• _PROBLEM_
Would you return, word for word, the lines running from the one with "Pale Indigo Glass" to the final line of the listing below, pictures omitted?

• _GIVEN MATERIAL_

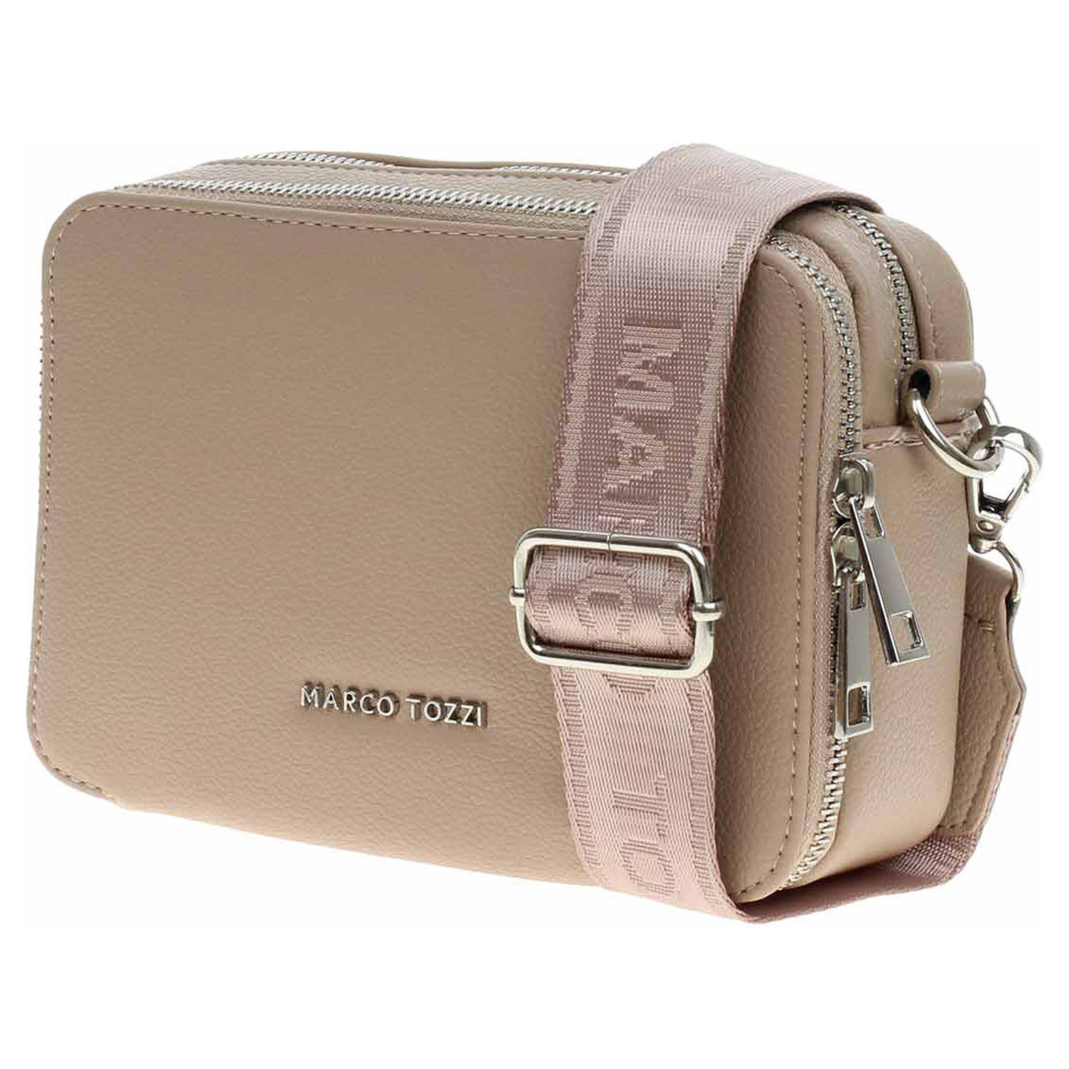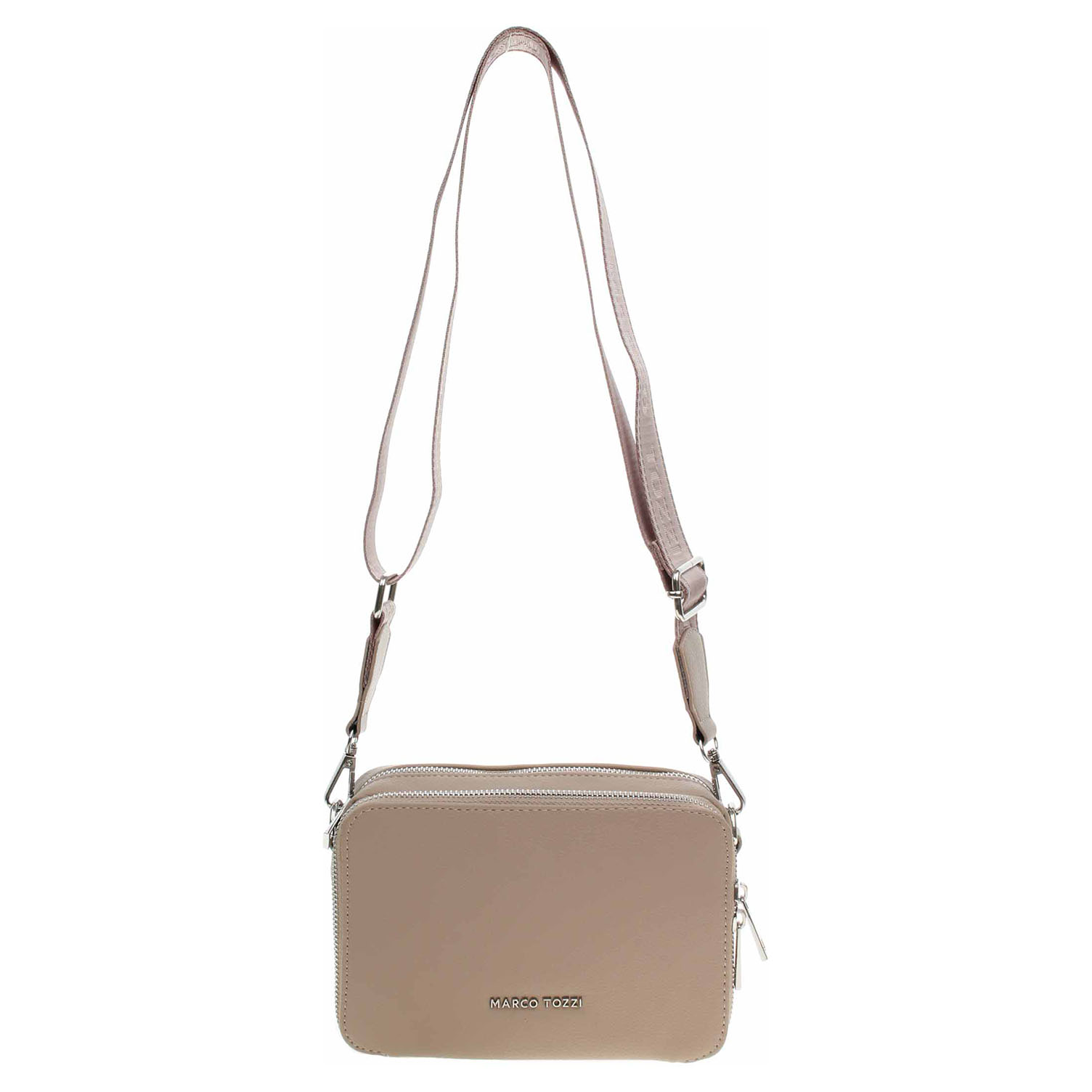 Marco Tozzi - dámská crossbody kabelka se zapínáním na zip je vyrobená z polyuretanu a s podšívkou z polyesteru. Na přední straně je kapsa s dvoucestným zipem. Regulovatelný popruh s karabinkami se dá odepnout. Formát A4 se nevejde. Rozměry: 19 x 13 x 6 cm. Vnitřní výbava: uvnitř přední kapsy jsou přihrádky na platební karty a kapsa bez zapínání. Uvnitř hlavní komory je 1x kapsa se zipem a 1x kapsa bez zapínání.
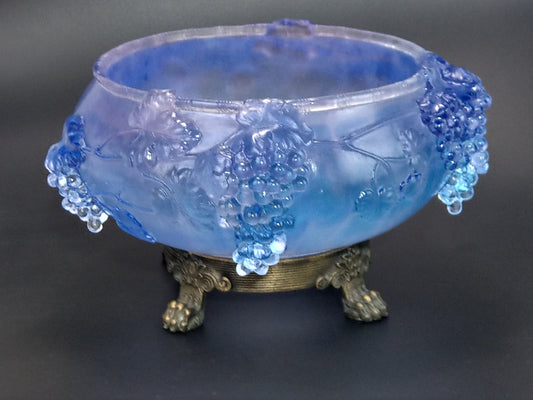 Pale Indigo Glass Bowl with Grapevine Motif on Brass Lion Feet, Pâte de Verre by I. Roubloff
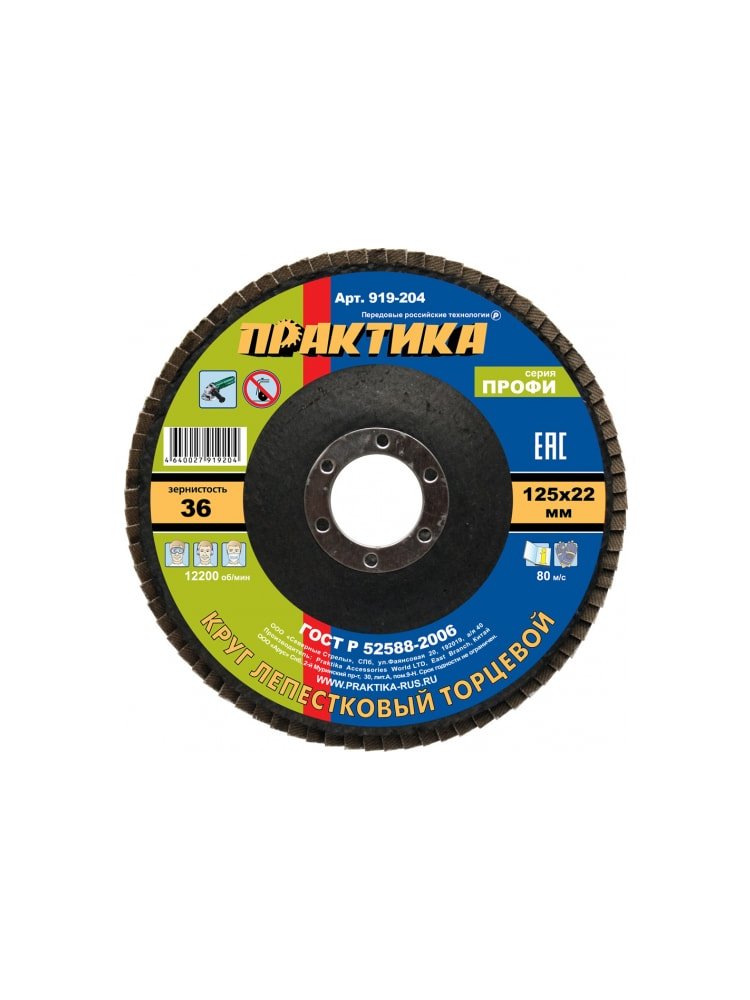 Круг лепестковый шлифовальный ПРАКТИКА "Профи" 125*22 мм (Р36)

• _PROBLEM SOLUTION_
 Pale Indigo Glass Bowl with Grapevine Motif on Brass Lion Feet, Pâte de Verre by I. Roubloff
 Круг лепестковый шлифовальный ПРАКТИКА "Профи" 125*22 мм (Р36)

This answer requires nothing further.